* What you have to do *
Using the records that appear below, write out exactly the lines from the one with "活动内容:活动期间,累计登录" through the one with "Shredded Longline Cape", keeping both end lines.

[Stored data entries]
'''

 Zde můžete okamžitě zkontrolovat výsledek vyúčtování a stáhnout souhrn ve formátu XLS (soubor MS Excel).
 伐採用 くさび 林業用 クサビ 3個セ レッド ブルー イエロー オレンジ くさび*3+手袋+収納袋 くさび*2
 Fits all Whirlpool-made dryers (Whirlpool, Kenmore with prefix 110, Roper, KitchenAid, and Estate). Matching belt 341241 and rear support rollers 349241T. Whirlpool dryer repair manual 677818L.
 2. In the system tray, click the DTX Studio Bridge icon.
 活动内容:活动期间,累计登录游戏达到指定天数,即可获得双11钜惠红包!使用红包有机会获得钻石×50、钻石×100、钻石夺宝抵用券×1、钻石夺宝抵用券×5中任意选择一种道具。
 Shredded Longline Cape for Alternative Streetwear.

'''
'''

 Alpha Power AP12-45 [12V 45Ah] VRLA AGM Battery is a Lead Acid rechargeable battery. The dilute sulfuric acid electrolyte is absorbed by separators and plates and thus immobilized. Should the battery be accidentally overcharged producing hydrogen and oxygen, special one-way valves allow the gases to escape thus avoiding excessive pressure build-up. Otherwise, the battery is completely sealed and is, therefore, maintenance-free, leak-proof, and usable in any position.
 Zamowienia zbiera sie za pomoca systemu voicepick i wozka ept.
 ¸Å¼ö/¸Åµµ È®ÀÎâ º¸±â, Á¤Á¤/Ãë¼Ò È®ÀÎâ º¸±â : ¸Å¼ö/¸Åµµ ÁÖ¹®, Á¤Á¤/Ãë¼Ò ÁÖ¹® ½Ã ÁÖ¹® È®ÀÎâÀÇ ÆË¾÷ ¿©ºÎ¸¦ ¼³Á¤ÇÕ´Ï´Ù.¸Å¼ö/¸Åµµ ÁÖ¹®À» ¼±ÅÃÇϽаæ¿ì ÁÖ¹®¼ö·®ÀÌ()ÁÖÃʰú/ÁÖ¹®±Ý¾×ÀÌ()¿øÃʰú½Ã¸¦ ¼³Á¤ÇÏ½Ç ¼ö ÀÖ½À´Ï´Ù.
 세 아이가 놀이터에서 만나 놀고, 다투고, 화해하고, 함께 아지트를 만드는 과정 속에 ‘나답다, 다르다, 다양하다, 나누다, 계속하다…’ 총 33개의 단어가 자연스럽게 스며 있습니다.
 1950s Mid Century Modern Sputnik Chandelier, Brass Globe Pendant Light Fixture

'''

* Task output *
 活动内容:活动期间,累计登录游戏达到指定天数,即可获得双11钜惠红包!使用红包有机会获得钻石×50、钻石×100、钻石夺宝抵用券×1、钻石夺宝抵用券×5中任意选择一种道具。
 Shredded Longline Cape for Alternative Streetwear.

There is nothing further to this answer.